OK, I'll tell you what worked for us. I used BW early on, but then got away from it when she was about 3 months old or so, and had a wretched time with nursing to sleep, etc.
You're right that one of the first things to start is breaking the feeding-to-sleep association. I used a lot of techniques from No-Cry Sleep solution for that. There's a great link under nightwakings called the Gentle Removal Plan. Try to tackle all feeds at one if you can so you're teaching her a new association consistently. For every feed, try to nurse sometime during awake time and as far from sleep time as you can. I would do it RIGHT when she woke from her nap and was still partly asleep in the dark room. If she starts falling asleep as she's eating, try to keep her awake to get a full feed by breaking the latch if she gets too drowsy. Then have some awake time and find another method to get her to sleep.
If you want to use pu/pd, make sure you read that section in the book first so that you'll be consistent about it. I opted for rocking and bouncing to sleep - not sure if I'd really recommend it though! :roll: It'll be hard at first - try to get dh or someone else involved to spell you if you can. Whatever you choose to do, the idea is to gradually get your baby to be put down slightly awake. (I found it easier to do at bedtime, actually). We actually had to keep leaving the room at bedtime. We'd put her down drowsy, pat her and leave, then if she cried more that a settling-cry, we'd go back in. I found if we stayed there, she'd keep crying longer. You'll have to see what works for you and your lo.

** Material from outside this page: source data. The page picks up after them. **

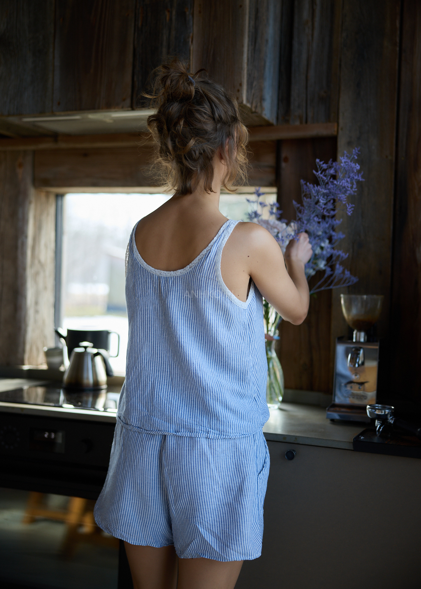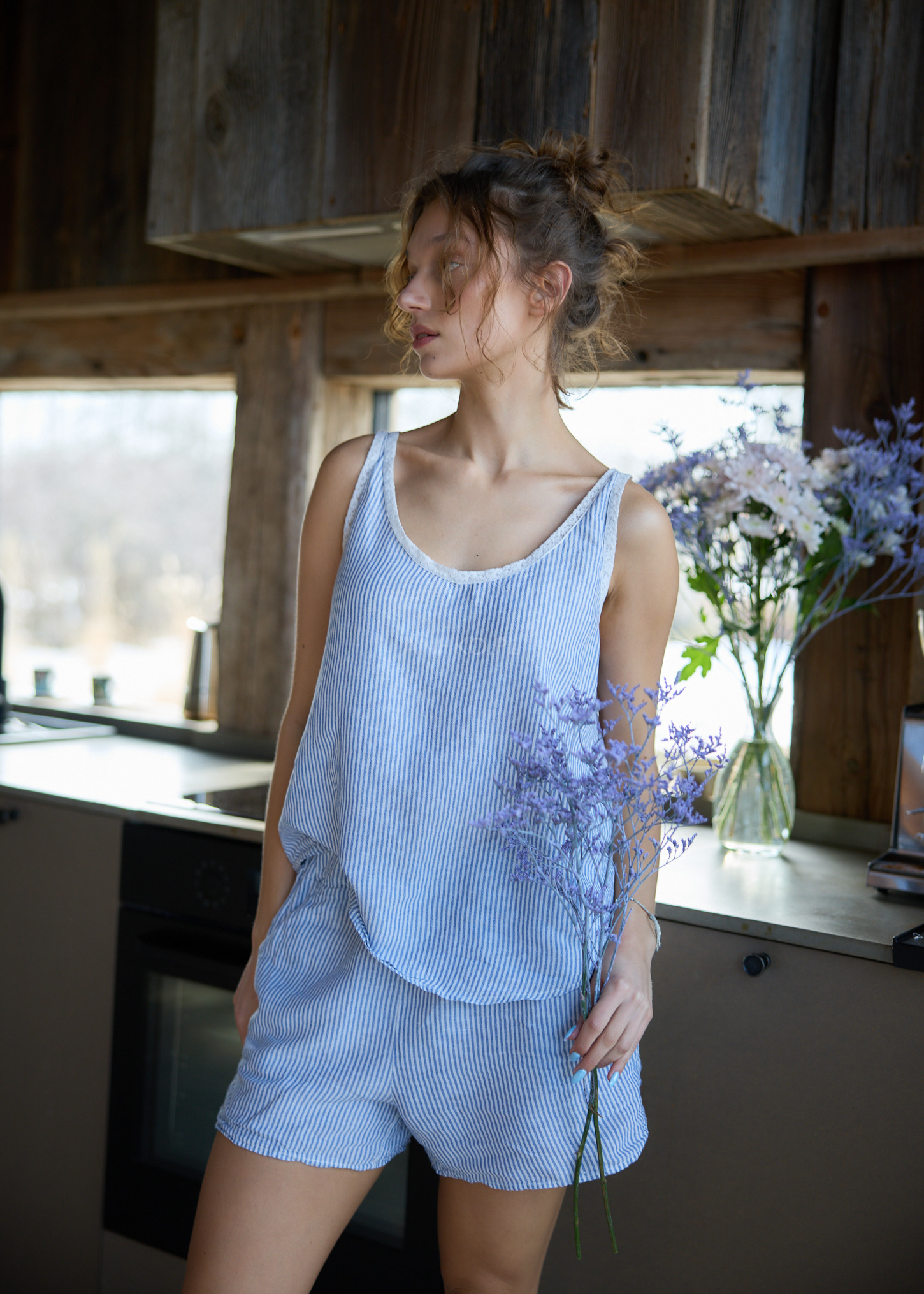 Bluzka Piżamowa Sleepy w Niebieskie Paski - Ta góra od piżamy to idealne połączenie wygody i elegancji. Wykonana z naturalnych i wysokiej jakości materiałów, zapewnia komfort noszenia i trwałość.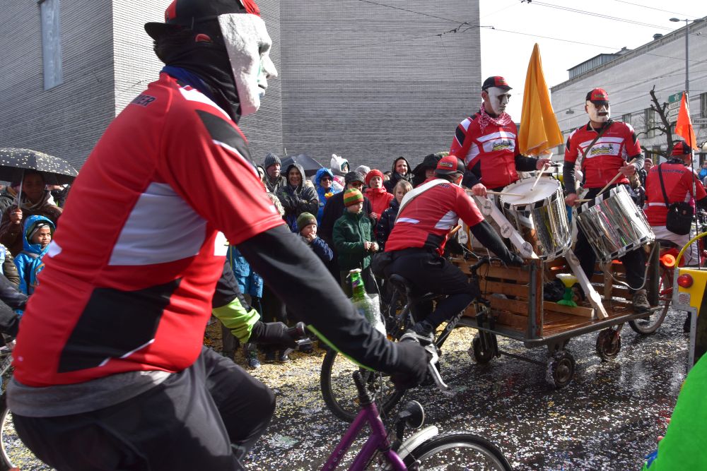 In the Cortège (parade), one guy sat on top of this rolling stone and the whole group was on wheels. Some painted signs for “bicycles only” on to the pavement.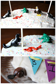 I decorated her cake after supper while she opened presents from my mother, thanking my stars for her choice of cream cheese frosting the whole time. (SUCH a good cake. Recipe here. We used overripe bananas and increased the frosting to have some for between the layers.)

Then, for nightwakings, if that's a problem, decide what you want to do ahead of time (it's so tempting to change your mind back to nursing to sleep at 2 am!!) and try to stick to it.
Bottom line is: be consistent. Your baby has to know what to expect from you. There will be crying - less if you do it more gradually (although this can take months), but that's her way of expressing herself. As long as you're there to comfort her, you're not letting her CIO, and you're reassuring her that she's ok and you're just trying to help.
I'm certainly no expert on this whole sleeping thing, but I had a lot of trouble and it's much better now (if that's any indication!), so let me know if I can help more!